DESCRIPTION OF THE TASK
Please quote exactly the lines below from the line containing "11月24日讯 意甲第12轮" to the line containing "ビールたくさん飲んでも安いし", both lines included, and nothing else.

AVAILABLE DATA

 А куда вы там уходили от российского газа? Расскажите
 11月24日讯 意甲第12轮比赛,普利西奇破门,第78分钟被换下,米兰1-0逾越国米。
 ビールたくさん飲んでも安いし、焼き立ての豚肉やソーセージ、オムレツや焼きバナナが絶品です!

==

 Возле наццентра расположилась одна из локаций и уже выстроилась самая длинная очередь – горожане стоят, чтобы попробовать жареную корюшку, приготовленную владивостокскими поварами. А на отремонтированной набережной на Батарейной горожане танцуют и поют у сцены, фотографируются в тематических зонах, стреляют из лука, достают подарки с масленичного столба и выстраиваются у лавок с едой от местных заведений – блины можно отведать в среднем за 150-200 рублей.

SOLUTION BELOW
 11月24日讯 意甲第12轮比赛,普利西奇破门,第78分钟被换下,米兰1-0逾越国米。
 ビールたくさん飲んでも安いし、焼き立ての豚肉やソーセージ、オムレツや焼きバナナが絶品です!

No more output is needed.